Activity: As the answer, give exactly the lines of the records below from the one with "The top of Half" through the one with "um 1880, Elfenbein", ends included and pictures left out.

Supplied records:
:::::
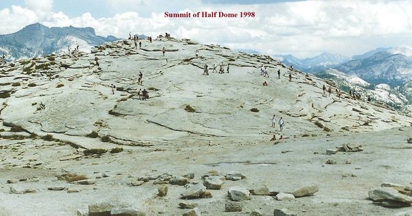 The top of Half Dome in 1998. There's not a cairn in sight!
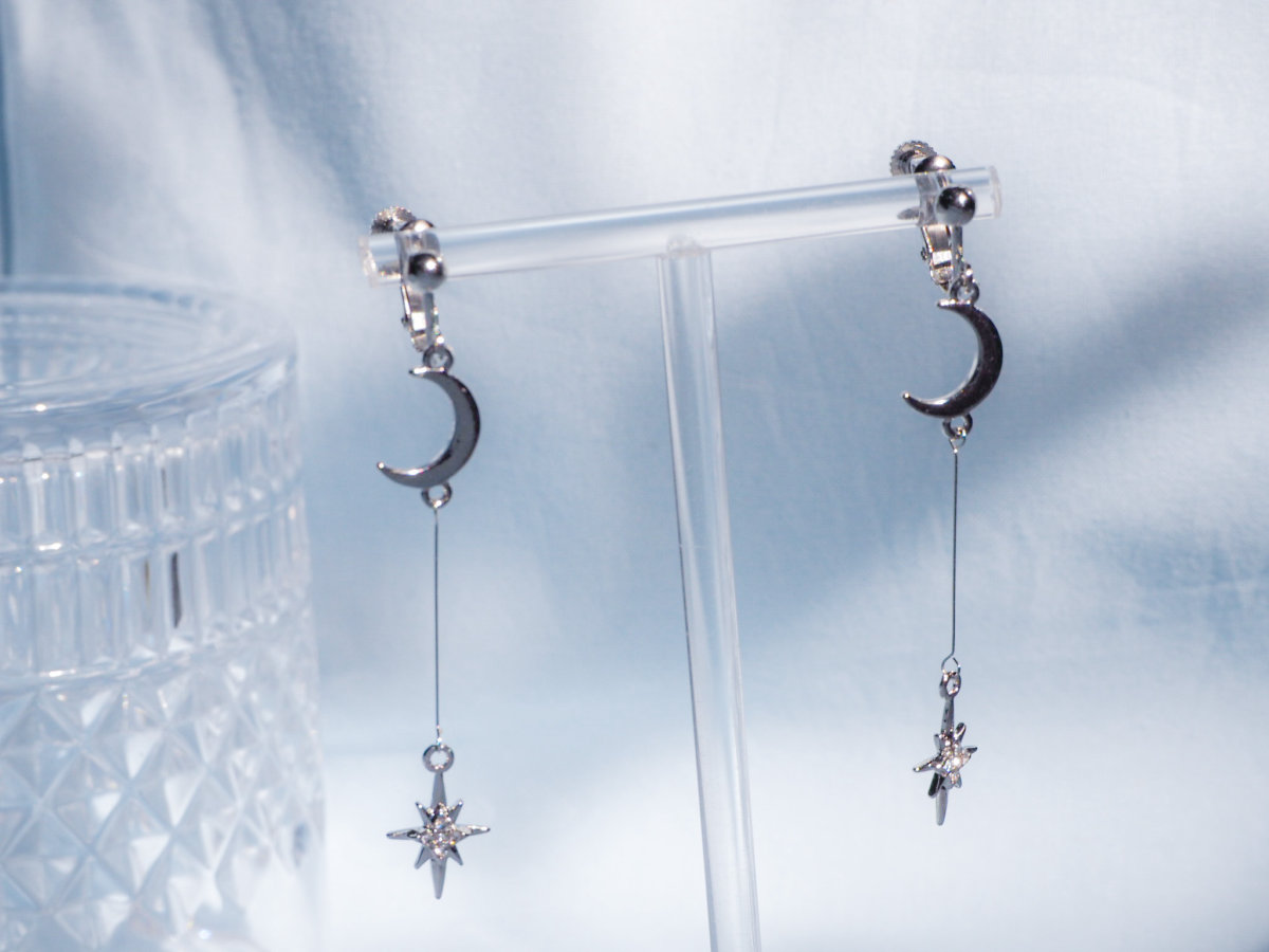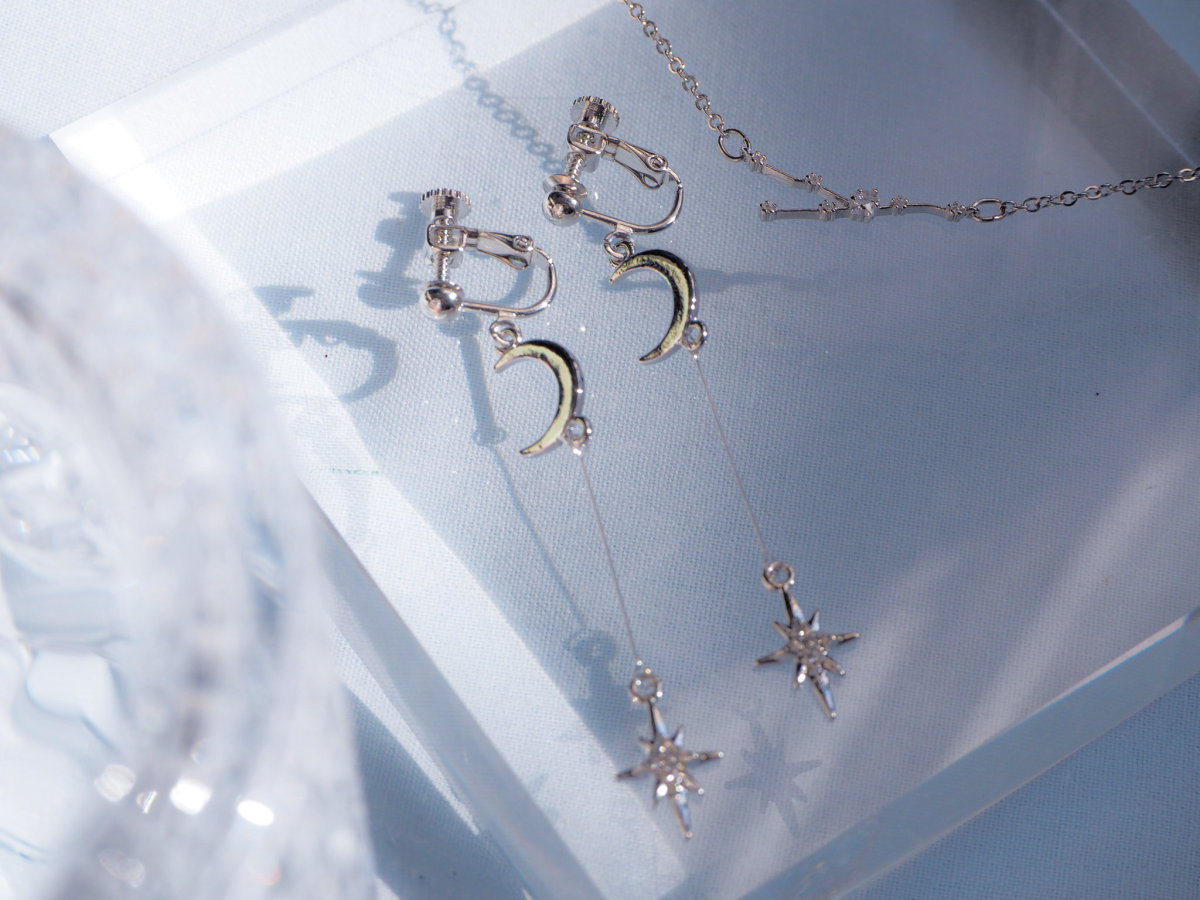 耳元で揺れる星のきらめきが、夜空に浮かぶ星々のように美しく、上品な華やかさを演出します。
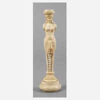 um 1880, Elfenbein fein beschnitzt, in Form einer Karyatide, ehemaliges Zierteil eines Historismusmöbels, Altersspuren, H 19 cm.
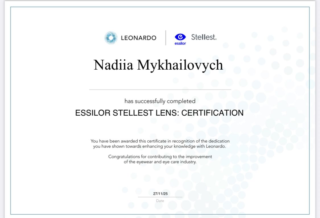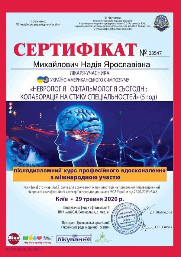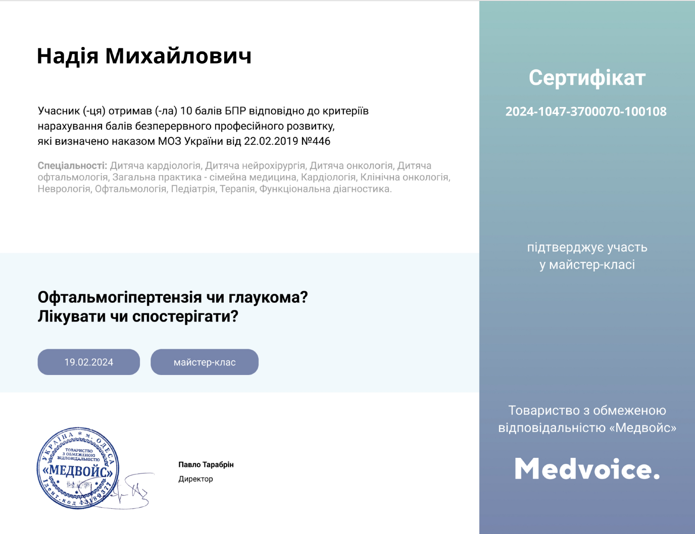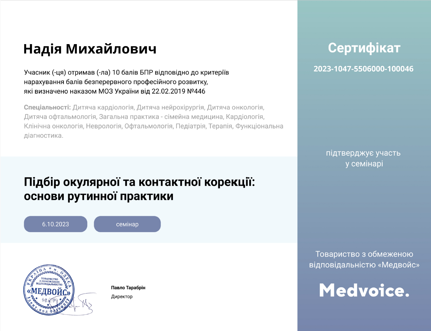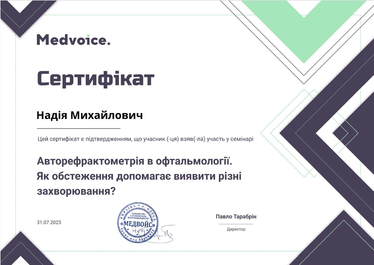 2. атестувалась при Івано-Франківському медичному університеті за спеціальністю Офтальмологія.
:::::
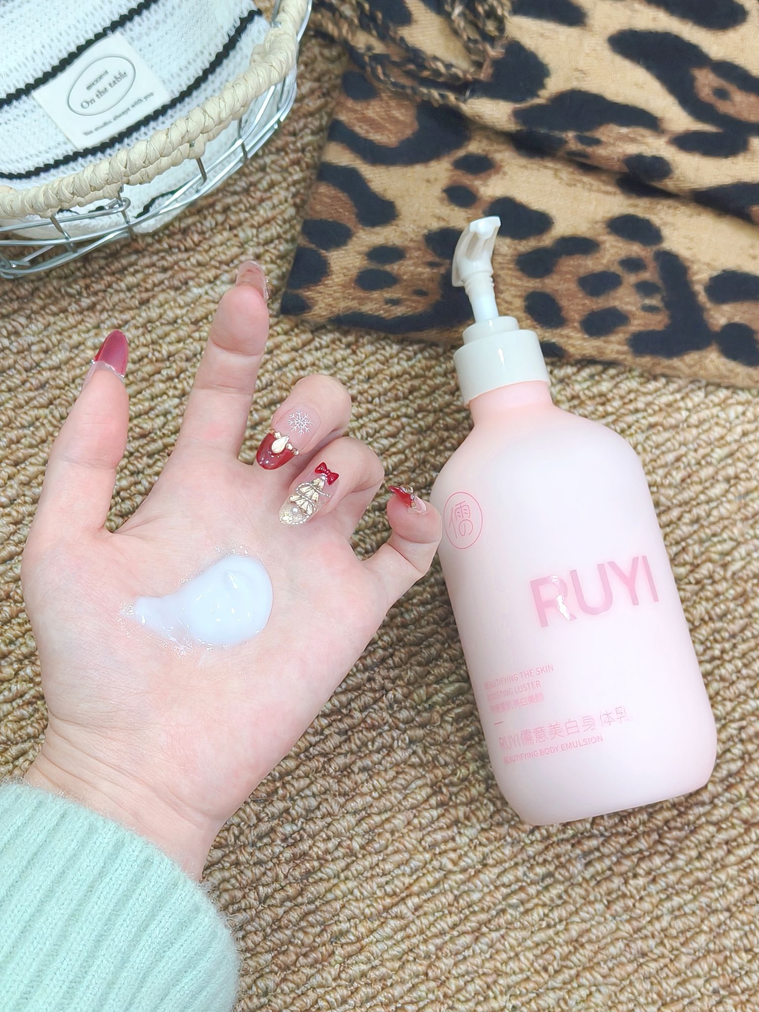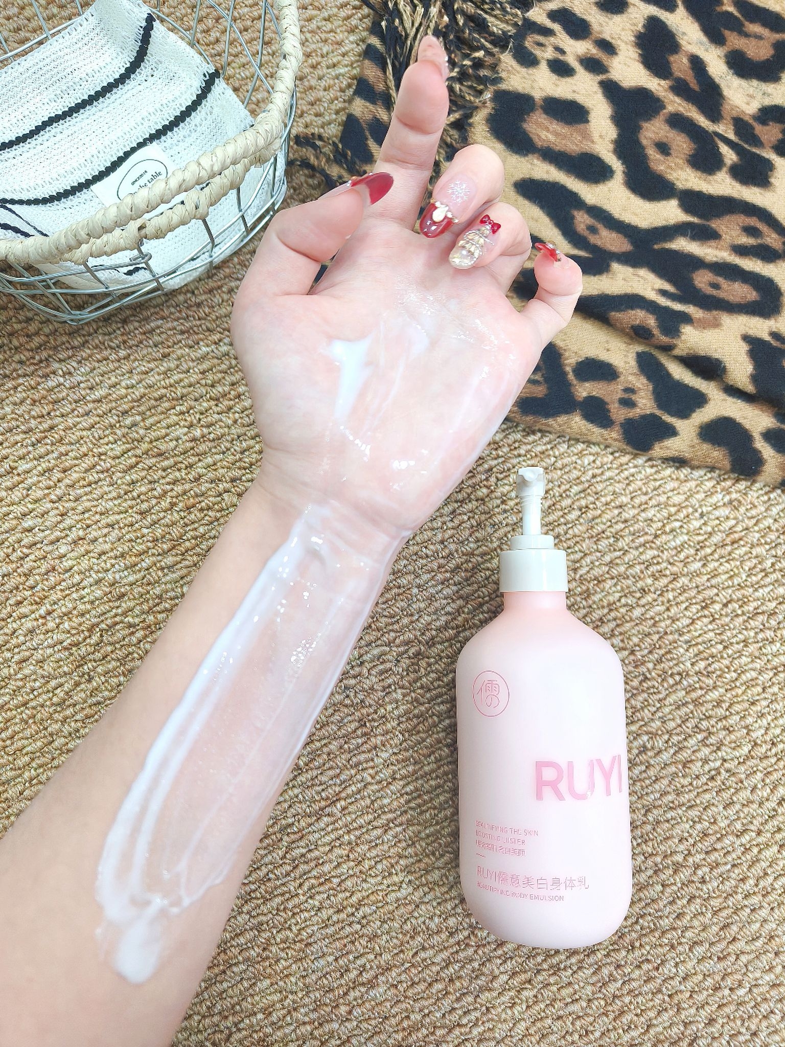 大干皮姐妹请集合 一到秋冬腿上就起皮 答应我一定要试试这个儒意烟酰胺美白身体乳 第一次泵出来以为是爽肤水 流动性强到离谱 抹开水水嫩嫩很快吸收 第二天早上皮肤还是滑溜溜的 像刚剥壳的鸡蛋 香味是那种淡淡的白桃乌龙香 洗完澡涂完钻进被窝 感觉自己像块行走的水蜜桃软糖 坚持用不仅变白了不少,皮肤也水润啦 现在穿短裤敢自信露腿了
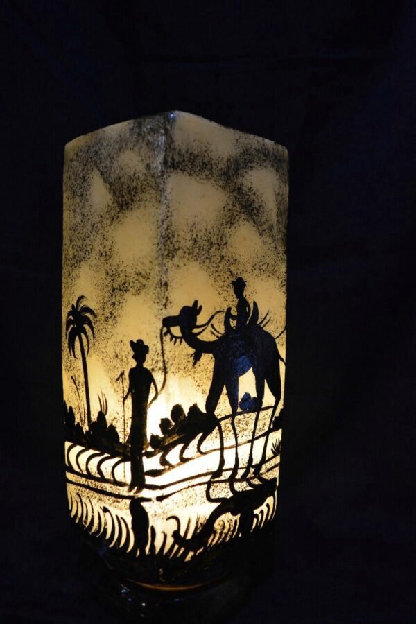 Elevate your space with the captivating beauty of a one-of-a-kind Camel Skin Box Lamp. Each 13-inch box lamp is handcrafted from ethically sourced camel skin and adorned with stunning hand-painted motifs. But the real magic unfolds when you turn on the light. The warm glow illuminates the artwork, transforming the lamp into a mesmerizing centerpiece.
:::::
Your solution:
 The top of Half Dome in 1998. There's not a cairn in sight!
 耳元で揺れる星のきらめきが、夜空に浮かぶ星々のように美しく、上品な華やかさを演出します。
 um 1880, Elfenbein fein beschnitzt, in Form einer Karyatide, ehemaliges Zierteil eines Historismusmöbels, Altersspuren, H 19 cm.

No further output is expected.